A liquid crystalline polyester (A) having a temperature of 00 ° C .;
370 ° C., and the difference between the flowing temperature of the molten liquid crystalline polyester (A) and the flowing temperature of the molten liquid crystalline polyester (B) is 10 to 60 ° C., preferably 20-60 ° C. When the difference in the flow temperature is less than 10 ° C., the desired effect of improving the thin-wall fluidity becomes insufficient, which is not preferable. On the other hand, if the difference in the flow temperature is larger than 60 ° C., the molding process becomes difficult due to the thermal decomposition of the molten liquid crystalline polyester (B), and a good molded product cannot be obtained. The molten liquid crystalline polyesters (A) and (B) used in the present invention have the structural units (IV), (V),
(VI), (VII), the molar ratio of V / IV is 0.2 to 1.0, the molar ratio of (VI + VII) / V is 0.9 to 1.1, and the molar ratio of VII / VI is 0. To 1 are preferred. These molten liquid crystalline polyesters are described, for example, in JP-B-47-47870. Further, a VII / VI molar ratio (α) of the molten liquid crystalline polyester (A) used in the present invention,
The ratio of the molten liquid crystalline polyester (B) to the VII / VI molar ratio (β), the molar ratio (α) / the molar ratio (β) is as follows:
Preferably 0.1-0.5, more preferably 0.3-
0.5. The mixing ratio of the molten liquid crystalline polyester (A) and the molten liquid crystalline polyester (B) used in the present invention is (A) 1 per 100 parts by weight of the total of (A) and (B).

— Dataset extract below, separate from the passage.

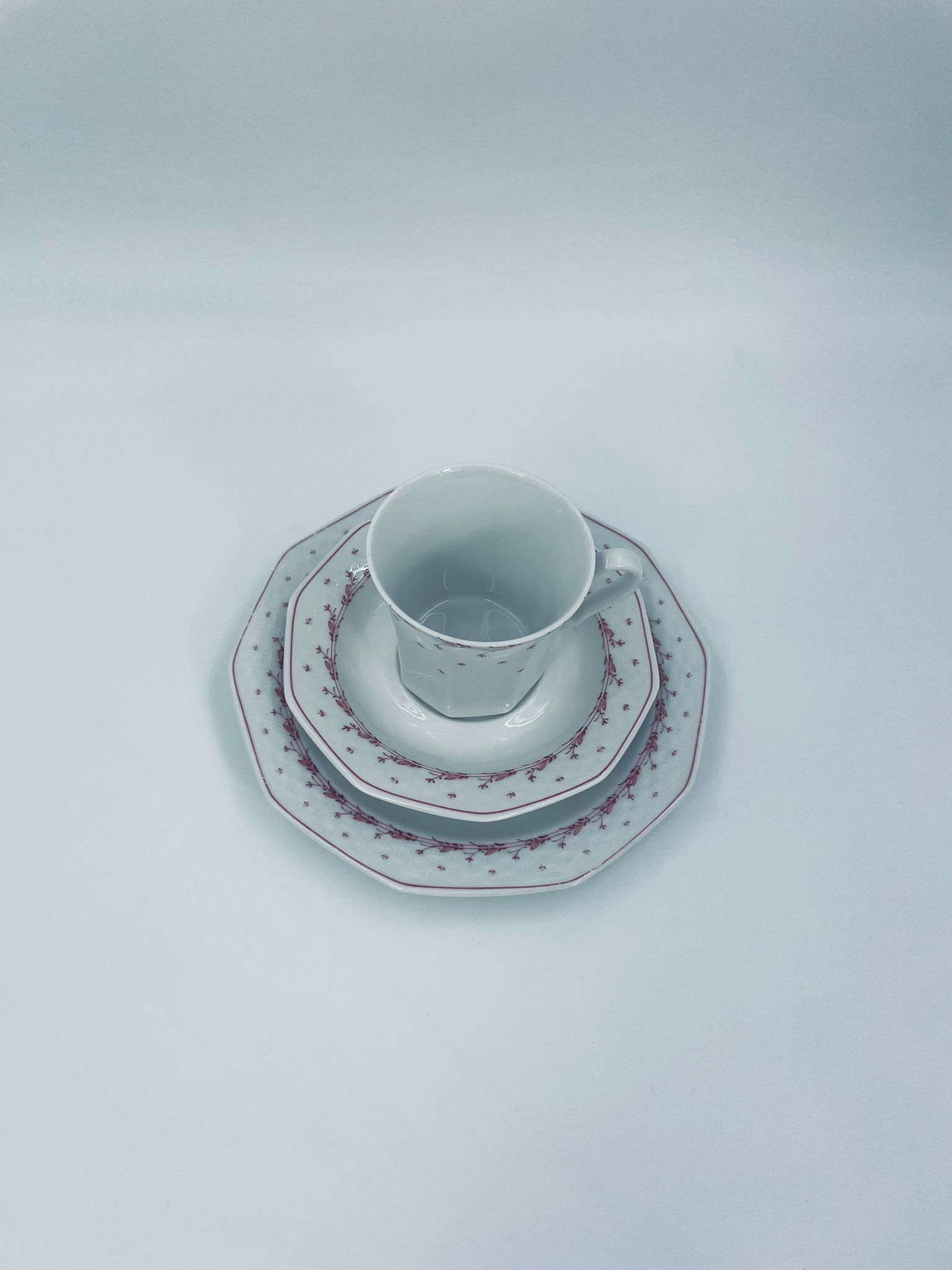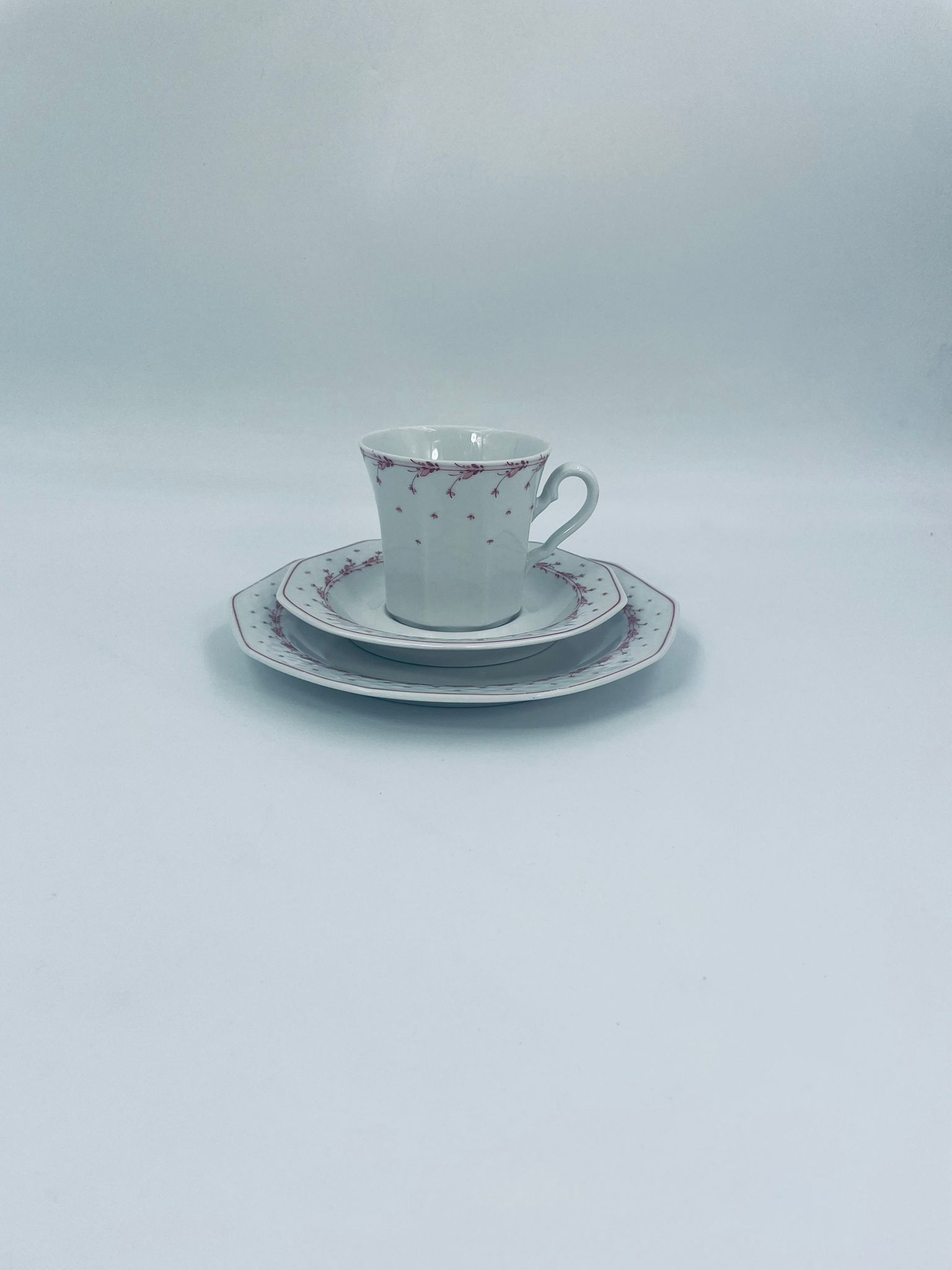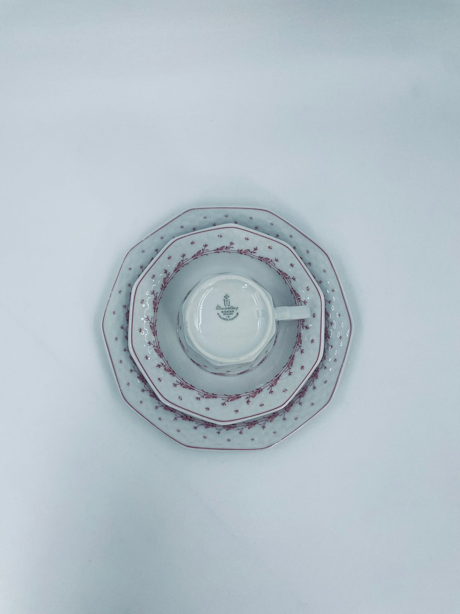 A collector's cup in a trio set by the Winterling Röslau Bavaria label, made of high-quality white porcelain. It is characterised by a delicate pink twig pattern. Irregularly shaped plates with a pink garland of twigs, finished in pink on the rim. It has a small abrasion on the rim.

To 99 parts by weight, (B) 99 to 1 parts by weight, preferably (A) 30 to 95 parts by weight, and (B) 70 to 5 parts by weight. If the compounding ratio of the molten liquid crystalline polyester (B) is less than 1 part by weight, the intended effect of improving thin-wall fluidity becomes insufficient, which is not preferable. On the other hand, if the blending ratio of the molten liquid crystalline polyester (B) is more than 99 parts by weight, the thin-wall fluidity is improved, but the heat resistance is greatly reduced, which is not preferable. The polyester (C) having a specific structure used in the present invention comprises the above repeating units I, II and III and satisfies the above formula.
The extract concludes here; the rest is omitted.